Monday, April 24, 2006

Which Is About the Fish Not Knowing What Water Is



04/24/2006 3:51 PM – 4:12 PM

And where is he? He’s here. The pain in the pit of my stomach that tells me that there’s still hope. Always the hope. Though he slay me, yet will I praise him. It’s better this way. The light dawn of sadness. Let it melt away. Let the spring thaw begin; let my heart melt to joy, unadorned with this taint of feathery depression.

Save me again, oh God. Save me again. Though I cannot see you. Though I cannot discern the true voice inside me, whether it is just me or just you. Come back to my bed and rock my fear asleep forever more. Is there no comfort in Zion? Or perhaps I have not found my way there yet. Where is the sure map? Where is heaven now? So I sit down and type. Will I write away the drabness of existence? Let me lose myself. Let me be better than I am right now. Comfort me, oh Comforter of Paul and Koholeth. Let me lose this thing that is me in the immensity of the eternal me. Let the me that is me and only me, find it’s own real voice. There is no me. There is only me. Not one, just one. Not two, not one.

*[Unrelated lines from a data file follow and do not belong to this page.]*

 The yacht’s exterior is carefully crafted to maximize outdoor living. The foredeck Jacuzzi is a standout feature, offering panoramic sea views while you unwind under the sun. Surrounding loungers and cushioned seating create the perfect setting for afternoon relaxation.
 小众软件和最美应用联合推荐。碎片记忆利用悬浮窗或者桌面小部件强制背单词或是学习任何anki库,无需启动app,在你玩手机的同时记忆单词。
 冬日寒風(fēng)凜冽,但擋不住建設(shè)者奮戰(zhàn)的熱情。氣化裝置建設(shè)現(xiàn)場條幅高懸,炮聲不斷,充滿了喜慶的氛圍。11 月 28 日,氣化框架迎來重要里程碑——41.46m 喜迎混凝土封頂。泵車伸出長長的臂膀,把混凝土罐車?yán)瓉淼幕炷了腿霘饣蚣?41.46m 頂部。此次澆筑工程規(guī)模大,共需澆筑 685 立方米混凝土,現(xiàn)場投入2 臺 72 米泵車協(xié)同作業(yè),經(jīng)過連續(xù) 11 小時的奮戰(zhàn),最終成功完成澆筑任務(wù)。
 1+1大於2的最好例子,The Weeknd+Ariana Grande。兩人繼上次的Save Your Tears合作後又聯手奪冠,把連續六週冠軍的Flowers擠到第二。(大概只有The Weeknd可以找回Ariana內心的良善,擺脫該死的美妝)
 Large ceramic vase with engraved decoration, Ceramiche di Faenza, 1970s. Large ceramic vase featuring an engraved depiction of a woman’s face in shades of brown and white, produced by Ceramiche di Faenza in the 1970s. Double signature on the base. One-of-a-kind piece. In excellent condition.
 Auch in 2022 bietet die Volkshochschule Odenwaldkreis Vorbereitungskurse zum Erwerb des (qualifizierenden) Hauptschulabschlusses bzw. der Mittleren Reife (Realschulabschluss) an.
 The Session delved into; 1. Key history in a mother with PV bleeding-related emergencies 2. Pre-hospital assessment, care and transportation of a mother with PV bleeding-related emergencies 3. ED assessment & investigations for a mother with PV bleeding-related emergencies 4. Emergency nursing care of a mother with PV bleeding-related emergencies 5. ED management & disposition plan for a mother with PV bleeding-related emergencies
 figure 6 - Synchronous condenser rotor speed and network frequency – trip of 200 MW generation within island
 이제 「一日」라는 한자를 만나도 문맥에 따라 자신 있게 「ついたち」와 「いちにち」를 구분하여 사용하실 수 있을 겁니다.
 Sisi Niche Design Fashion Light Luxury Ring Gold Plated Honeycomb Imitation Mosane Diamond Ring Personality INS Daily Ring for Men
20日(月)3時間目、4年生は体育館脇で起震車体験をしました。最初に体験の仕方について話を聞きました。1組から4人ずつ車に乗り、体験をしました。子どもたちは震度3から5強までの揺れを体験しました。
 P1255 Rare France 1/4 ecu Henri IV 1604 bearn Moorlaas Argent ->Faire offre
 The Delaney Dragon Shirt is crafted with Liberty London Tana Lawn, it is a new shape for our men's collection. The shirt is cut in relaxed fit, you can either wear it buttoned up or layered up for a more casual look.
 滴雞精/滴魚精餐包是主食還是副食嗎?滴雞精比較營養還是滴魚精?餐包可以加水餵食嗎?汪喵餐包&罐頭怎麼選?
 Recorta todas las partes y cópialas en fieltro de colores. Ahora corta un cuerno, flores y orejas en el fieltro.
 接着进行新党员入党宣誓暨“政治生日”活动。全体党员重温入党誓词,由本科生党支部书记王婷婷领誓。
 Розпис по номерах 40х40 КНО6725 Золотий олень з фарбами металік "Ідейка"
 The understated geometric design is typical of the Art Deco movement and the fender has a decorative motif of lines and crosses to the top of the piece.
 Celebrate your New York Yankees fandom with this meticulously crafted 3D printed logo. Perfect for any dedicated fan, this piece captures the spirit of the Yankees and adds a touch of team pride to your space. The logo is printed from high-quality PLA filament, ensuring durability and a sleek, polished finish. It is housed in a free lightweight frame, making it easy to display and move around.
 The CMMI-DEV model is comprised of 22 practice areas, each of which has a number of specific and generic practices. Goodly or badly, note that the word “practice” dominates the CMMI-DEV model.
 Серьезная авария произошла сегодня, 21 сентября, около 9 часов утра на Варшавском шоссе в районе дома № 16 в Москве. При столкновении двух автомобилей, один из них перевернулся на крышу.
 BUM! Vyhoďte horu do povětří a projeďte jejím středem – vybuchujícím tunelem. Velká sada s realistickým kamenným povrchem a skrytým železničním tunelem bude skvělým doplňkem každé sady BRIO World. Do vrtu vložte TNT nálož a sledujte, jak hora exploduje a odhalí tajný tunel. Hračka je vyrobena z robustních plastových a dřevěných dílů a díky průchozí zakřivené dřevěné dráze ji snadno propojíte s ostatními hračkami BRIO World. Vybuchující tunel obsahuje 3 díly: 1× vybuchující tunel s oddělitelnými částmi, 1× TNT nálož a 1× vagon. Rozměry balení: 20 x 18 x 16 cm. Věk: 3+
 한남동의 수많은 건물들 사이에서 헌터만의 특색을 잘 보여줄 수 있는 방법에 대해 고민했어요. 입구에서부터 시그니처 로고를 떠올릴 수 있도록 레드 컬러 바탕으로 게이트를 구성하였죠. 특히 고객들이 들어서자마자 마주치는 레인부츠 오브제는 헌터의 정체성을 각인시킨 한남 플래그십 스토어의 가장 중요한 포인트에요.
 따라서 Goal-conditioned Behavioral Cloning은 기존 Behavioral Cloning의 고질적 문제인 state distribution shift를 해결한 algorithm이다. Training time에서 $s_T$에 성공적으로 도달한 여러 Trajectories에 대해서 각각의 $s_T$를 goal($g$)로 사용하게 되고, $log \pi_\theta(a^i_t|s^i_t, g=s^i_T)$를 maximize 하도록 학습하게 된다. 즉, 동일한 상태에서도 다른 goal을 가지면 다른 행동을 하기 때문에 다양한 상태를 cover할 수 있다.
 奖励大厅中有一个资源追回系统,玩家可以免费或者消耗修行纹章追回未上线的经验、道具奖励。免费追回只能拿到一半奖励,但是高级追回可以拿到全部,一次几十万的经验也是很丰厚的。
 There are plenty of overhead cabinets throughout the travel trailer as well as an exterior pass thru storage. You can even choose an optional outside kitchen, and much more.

When the light comes down on the timeless let this be said, Spike found his own true happiness. Spike found the comfort of the quiet that was God’s voice to him. Is that what you must learn today? If your God speaks the language of silence, learn to speak it in return. What are you living? What is this that rolls about inside you? Say it with the words of no-words. Let me down to the bottom of the true Pacific. Let me sink into the warmth of no-dream sleep, breathing the unknowable eternal. The man said that faith believes that God cares when there is no sign of it. If God speaks the language of stillness, Spike must learn to hear it. Let go. Open your hands. Hold fast no longer. Let the waves overwhelm and sink down to the quiet that surrounds and fills. The fish has no concept of water. Recognize that you have no concept of God. Let go and sink to the bottom. Rest in strength. Rejoice in peace. Your God surrounds and fills. You cannot find him because you cannot conceive of genuine not-him. In him you live and move and have your being. Your God speaks peace. Peace then. Let go and sink into the unspeakable peace.